2

I am currently using Cython but my code involved taking the norm of each row/column combination multiple times in a loop so even a 1000x1000 matrix is extremely slow. I am thinking of switching to C+ LAPACK.. Whats the standard for working with huge matrices?

The most expensive steps, it looks like, involved taking the dot product of all row/column combinations and looping over the upper triangle of the matrix.

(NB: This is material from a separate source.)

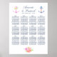 Trendy navy and white nautical theme wedding seating chart poster featuring watercolor floral pink and blue anchors and flowers.

The matrices are not sparse.

methane
  • 667
  • 2
  • 8
  • 17

2 Answers2

2

Try Numpy, 1000x1000 sounds kinda small for it.
It is implemented in C and can take advantage of linear algebra libraries, so it can be fast. Read this.
If there aren't many entries, Use sparse matrices.

import numpy as np
A = np.random.rand(1000,1000)
np.linalg.norm(A, axis=1)    # takes me under 5 ms

You should provide more details if you want more specific help.

Community
  • 1
  • 1
Prashant Kumar
  • 20,069
  • 14
  • 47
  • 63
  • 1
    +1, but OP said `10000x10000`, which is pretty big even for numpy. For me, `timeit np.linalg.norm(A, axis=1)` gives `1.59 s per loop` – askewchan Nov 26 '13 at 20:14
  • Ah, I got lost in all the zeros. 10000x10000 is pretty big, so maybe another venue besides Numpy should be investigated, like C code/libraries. But it is telling that he says 1000x1000 is extremely slow. Sounds to me like the code needs to take better advantage of vectorization. – Prashant Kumar Nov 26 '13 at 20:19
  • Yeah, I agree. If they get bigger though, it's memory that's an issue not just speed, and something like PyTables might be necessary. – askewchan Nov 26 '13 at 20:21
  • Hm, actually, `timeit np.sqrt(np.einsum('ij,ij->i', A, A))` gives `147 ms per loop` – askewchan Nov 26 '13 at 20:26
  • For `n=1e5; np.random.rand(n, n)`, sqrt-einsum takes me just `45 ms per loop`. But using `linalg.norm`, my ipython session dies! – Prashant Kumar Nov 26 '13 at 21:24
  • Ha, funny that your `einsum` is faster, but my `linalg.norm` at least survives :P – askewchan Nov 26 '13 at 21:28
1

In C, as a general guideline and with no sample code to look at, the only thing you can do to optimize matrix operations is making sure you are using contiguous memory blocks so the whole matrices can be kept in the processor's cache (or at least reduce RAM interaction to the possible minimum), i.e. if you are dynamically allocating memory, ask for a whole block of memory for each matrix, and then either handle the indexes arithmetically:

for (i = 0;i < rows; i++)
{
  for (j = 0; j < columns; j++)
  {
     matrix[i*rows + j] = do_whatever();
   }
}

or create a set of pointers to the beginning of your columns if you prefer to use the standard [i][j] notation, although this approach has the potential to reduce performance since processor would have to handle 2 arrays instead of one for a single matrix. If you are using standard arrays, you won't have to worry about it.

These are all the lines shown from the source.